PROBLEM STATEMENT: Exactly reproduce the lines from the line bearing "而在北大官宣朱松纯入职之前,还发生了一个" through the end of the listing, inclusive of both; pictures are to be omitted.
Segment Start: SUPPLIED DATA
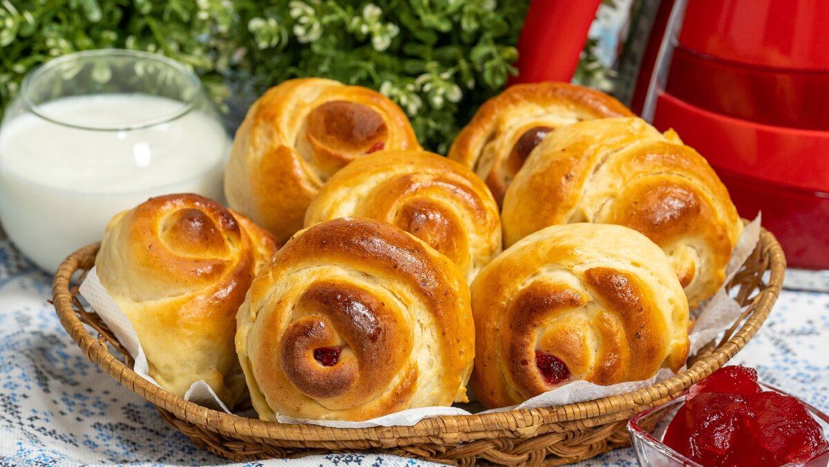 📃Ингредиенты на рецепт булочек с джемом:
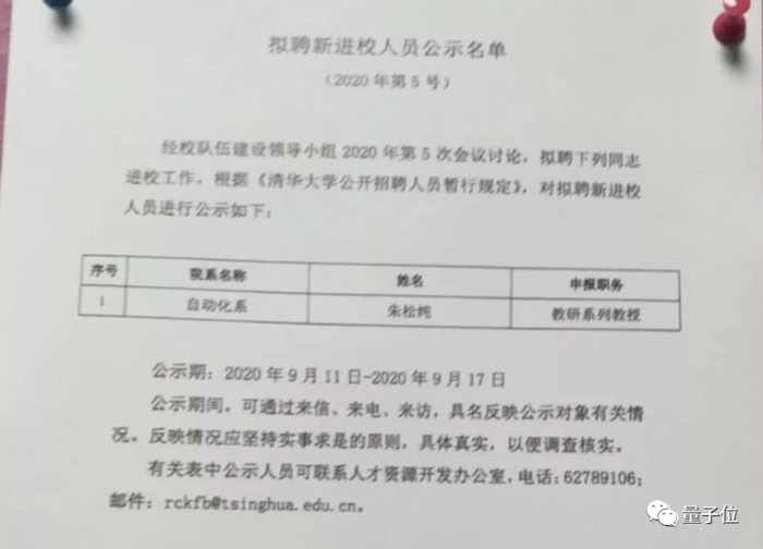 而在北大官宣朱松纯入职之前,还发生了一个小插曲:一张清华大学《拟聘新进校人员公示名单》被曝光。
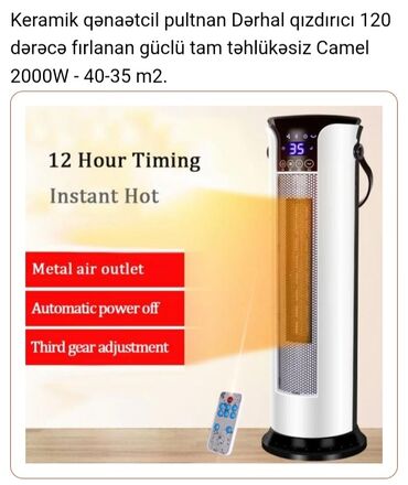 - Qızdırma növü: keramik element (instant hot – sürətli isinmə)
Segment End: SUPPLIED DATA
EXPECTED ANSWER:
 而在北大官宣朱松纯入职之前,还发生了一个小插曲:一张清华大学《拟聘新进校人员公示名单》被曝光。
 - Qızdırma növü: keramik element (instant hot – sürətli isinmə)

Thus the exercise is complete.